In primo luogo i giudici evidenziano come le decisioni sulla nullità virtuale in tema di violazione di norme penali apparentemente si avvalgano sia di un criterio cd sostanziale, attinente alla verifica del contrasto tra contratto e norma imperativa di ordine pubblico, sia di un criterio formale che, privilegiando l’autonomia dell’indagine sul piano civilistico, si rivolge alla verifica della rilevanza civilistica del “vizio” introdotto nel contratto dalla condotta di reato (cosicché, se si tratta di un vizio del consenso, come nel caso della circonvenzione, dovrebbe concludersi per la annullabilità, e non per la nullità del contratto).
Generalmente la giurisprudenza segue sempre il criterio sostanziale in modo da valorizzare il rilievo della condotta contrattuale tenuta dal reo da un lato e dalla vittima del reato dall’altro.

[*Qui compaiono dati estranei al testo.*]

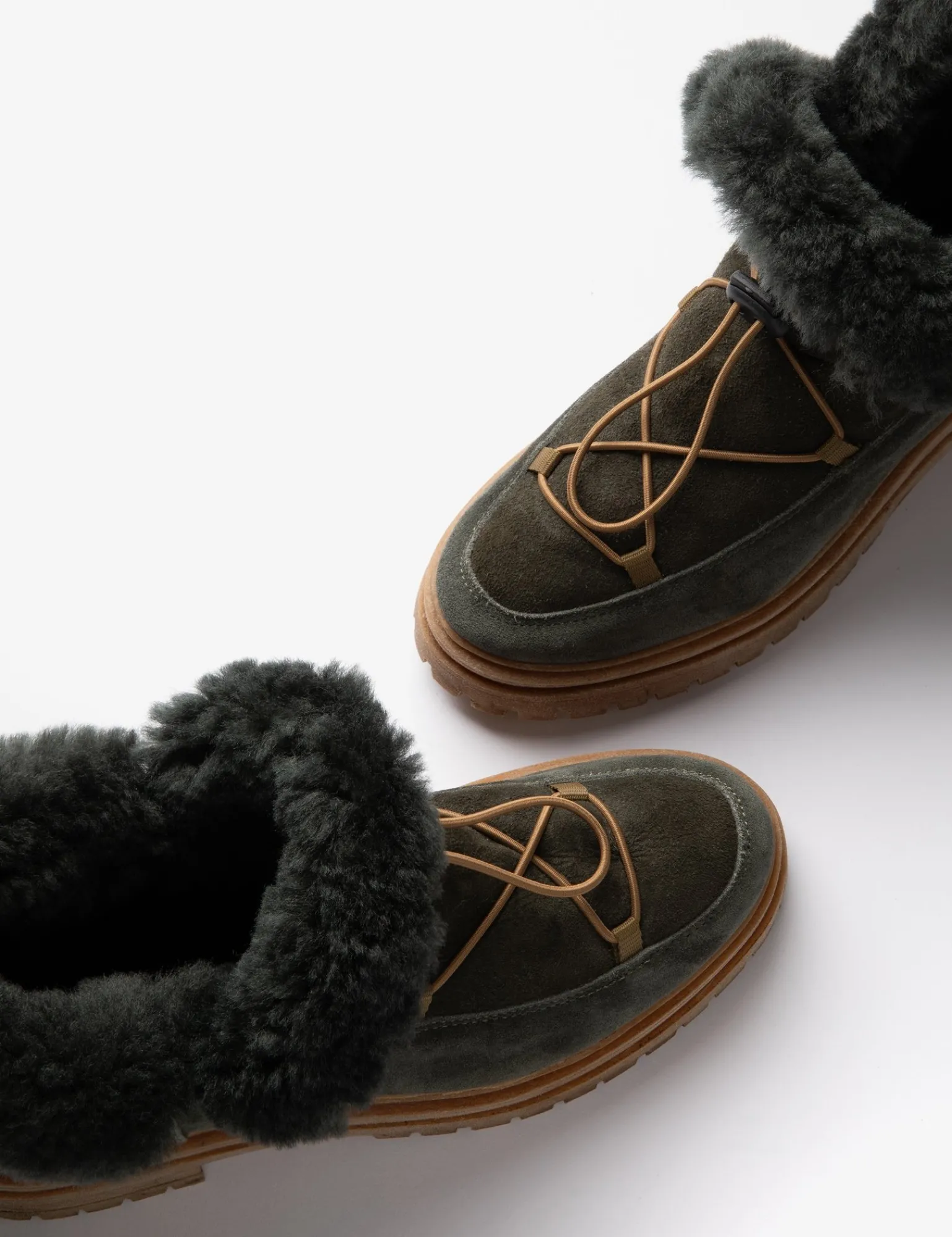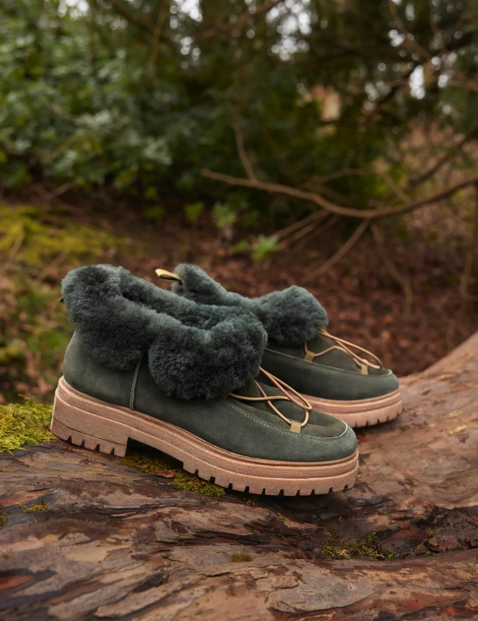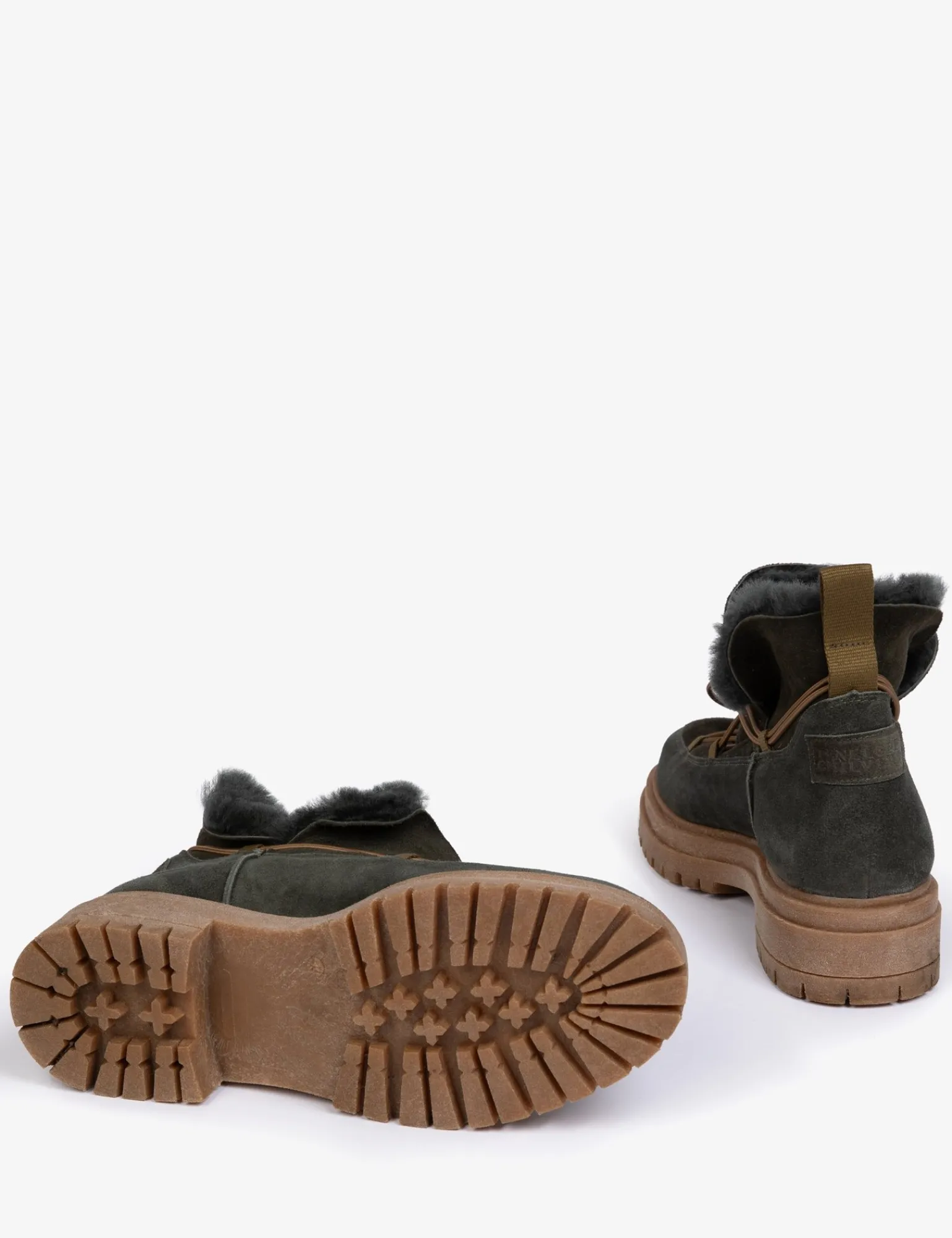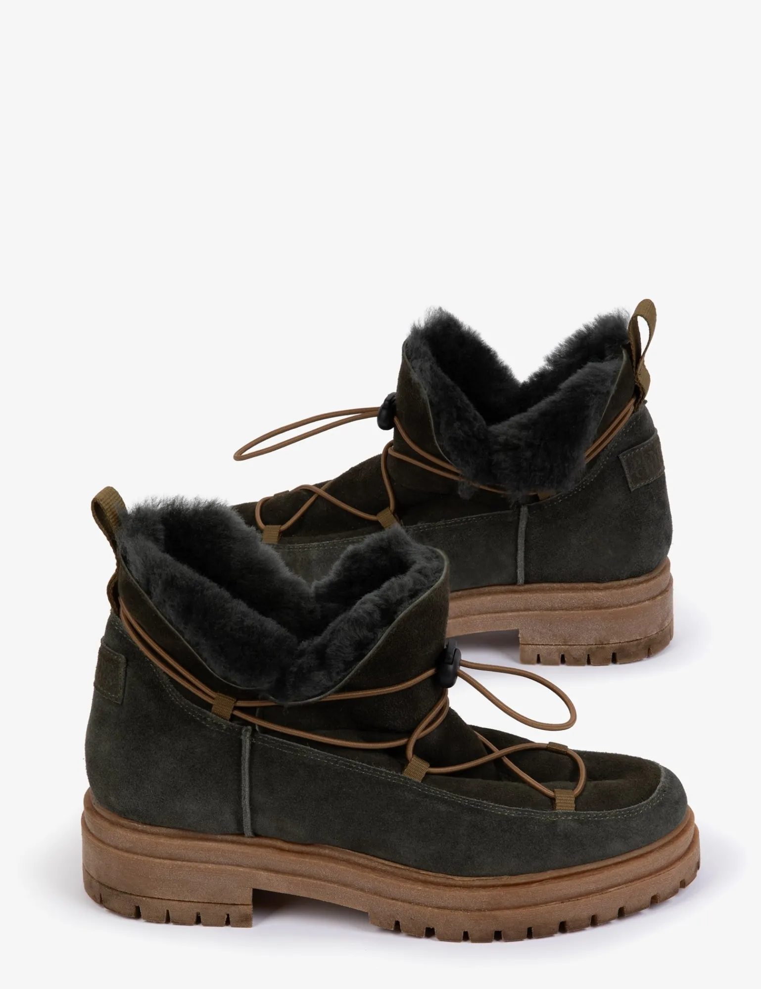 Penelope Chilvers Lomond Suede Shearling-Lined Boot Khaki New

Emblematici al riguardo sono i casi della truffa e della circonvenzione di incapace.

In entrambe le fattispecie di reato – a cooperazione artificiosa della vittima – è presente l’abuso della libertà contrattuale di un contraente ai danni dell’altro, in virtù del quale quest’ultimo conclude un contratto dannoso per sé o per un terzo.

Tuttavia le conseguenze che si riverberano sul contratto originato dal reato sono – per la giurisprudenza prevalente – differenti:
– per il contratto stipulato in seguito ad una truffa subita da uno dei contraenti, la giurisprudenza maggioritaria ha configurato l’annullabilità dello stesso, parificando il dolo di truffa (artifici e raggiri nei confronti della vittima) con il dolo che vizia il consenso negoziale;
– per il contratto stipulato dall’incapace a seguito della sua circonvenzione, invece, l’opinione maggioritaria della giurisprudenza è verso la nullità dello stesso, attesa la differenza tra l’incapacità ex art. 643 cp e 428 cc ed essendo rilevante l’imperatività della norma penale violata.

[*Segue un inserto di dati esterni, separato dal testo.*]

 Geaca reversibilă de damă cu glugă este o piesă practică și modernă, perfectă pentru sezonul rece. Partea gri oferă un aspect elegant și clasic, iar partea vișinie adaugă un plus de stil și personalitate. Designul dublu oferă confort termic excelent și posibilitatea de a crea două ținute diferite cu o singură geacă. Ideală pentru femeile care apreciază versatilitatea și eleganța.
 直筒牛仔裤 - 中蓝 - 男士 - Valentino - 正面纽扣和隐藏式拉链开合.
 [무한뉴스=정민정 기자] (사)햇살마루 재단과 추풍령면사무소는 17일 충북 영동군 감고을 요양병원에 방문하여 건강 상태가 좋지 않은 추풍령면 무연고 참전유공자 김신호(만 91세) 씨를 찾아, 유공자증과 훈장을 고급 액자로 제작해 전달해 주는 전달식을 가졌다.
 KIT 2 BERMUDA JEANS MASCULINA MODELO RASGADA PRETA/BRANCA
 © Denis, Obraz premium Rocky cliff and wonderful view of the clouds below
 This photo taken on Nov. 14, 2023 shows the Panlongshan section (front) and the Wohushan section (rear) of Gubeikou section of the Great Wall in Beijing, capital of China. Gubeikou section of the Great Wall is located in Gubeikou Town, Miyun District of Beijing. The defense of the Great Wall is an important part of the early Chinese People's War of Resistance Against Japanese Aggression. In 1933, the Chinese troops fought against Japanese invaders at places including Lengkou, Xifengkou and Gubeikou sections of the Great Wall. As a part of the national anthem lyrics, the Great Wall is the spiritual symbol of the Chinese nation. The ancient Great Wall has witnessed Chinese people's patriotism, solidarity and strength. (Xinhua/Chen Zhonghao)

Queste conclusioni sono spesso criticate in dottrina perché ritenute contraddittorie, giacché mentre nel primo caso le decisioni si orientano ricercando le regole civilistiche autonomamente applicabili al contratto, invece nel secondo caso sembra che per i giudici l’incapacità rilevi non come causa di annullabilità (secondo quanto imporrebbero le regole civilistiche) ma come causa di nullità.
Tuttavia, applicando il criterio della verifica della natura di ordine pubblico della norma imperativa violata, si giunge in tutti e due i casi (truffa e circonvenzione) alla conclusione fatta propria dalla giurisprudenza maggioritaria.

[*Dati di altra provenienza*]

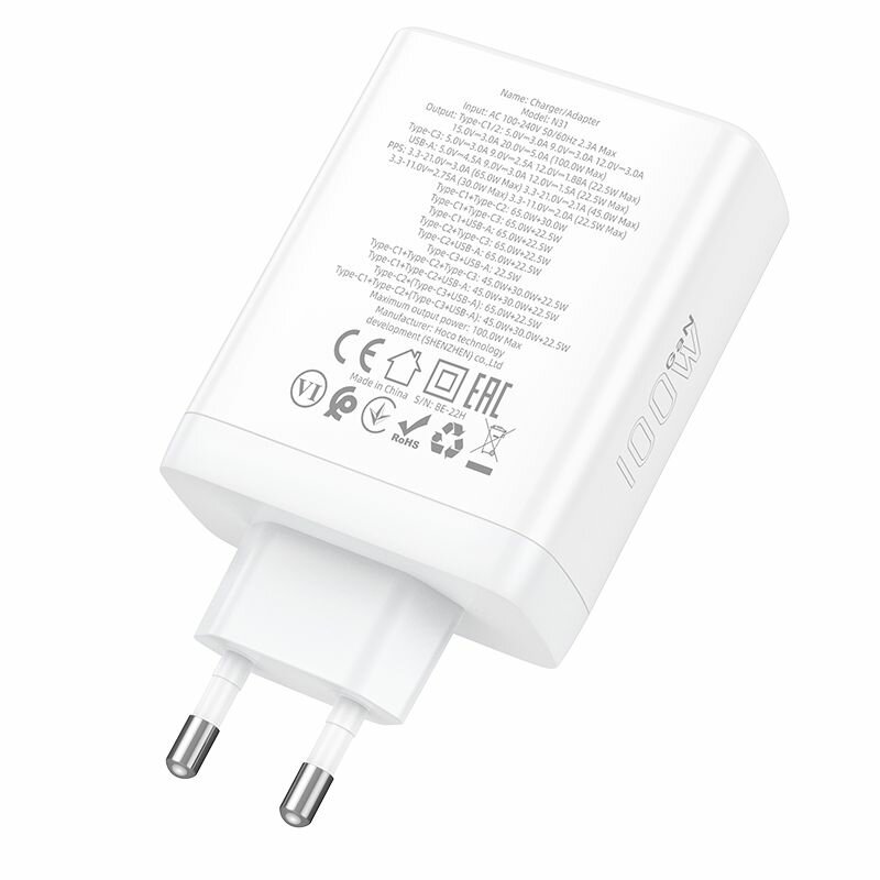 Сетевое зарядное устройство Hoco N31 USB + 3 Type-C, GAN PD 100W, QC 3.0, белый

In particolare giova precisare che nella truffa spicca l’elemento del dolo, inteso non come volontà delittuosa ma, specificamente, come comportamento ingannatore, artificioso e raggirante: la stessa condotta che nel diritto dei contratti cagiona nell’altra parte l’errore.
Nella circonvenzione di persone incapaci, invece, spicca l’elemento costitutivo dell’incapacità (naturale o legale) del soggetto passivo, perciò vittima dell’altrui condotta delittuosa di approfittamento.
Inoltre il bene giuridico protetto nel delitto di truffa è, secondo l’opinione comune, il patrimonio. La tutela si rivolge a un interesse di portata non pubblicistica ma schiettamente privatistica.
Pertanto alla stregua della lettura giurisprudenziale dell’art. 1418 comma1, c.c., il contratto derivato dal delitto non offendendo l’interesse pubblico viola una norma imperativa non suscettibile di determinare nullità, ma annullabilità per la presenza di un vizio del volere (errore determinato dal dolo altrui).
Nel delitto di circonvenzione, al contrario, la legge penale tutela – secondo l’opinione della moderna giurisprudenza – la libertà di autodeterminazione dell’incapace in ordine agli interessi patrimoniali: l’interesse alla libertà negoziale dei soggetti deboli e svantaggiati.
Tale tutela, quindi, si fonda su ragioni di ordine pubblico e pertanto, alla stregua della lettura giurisprudenziale dell’art. 1418 comma1 c.c., il contratto derivato dal delitto, offendendo un interesse di ordine pubblico, viola una norma imperativa e conduce alla sua nullità.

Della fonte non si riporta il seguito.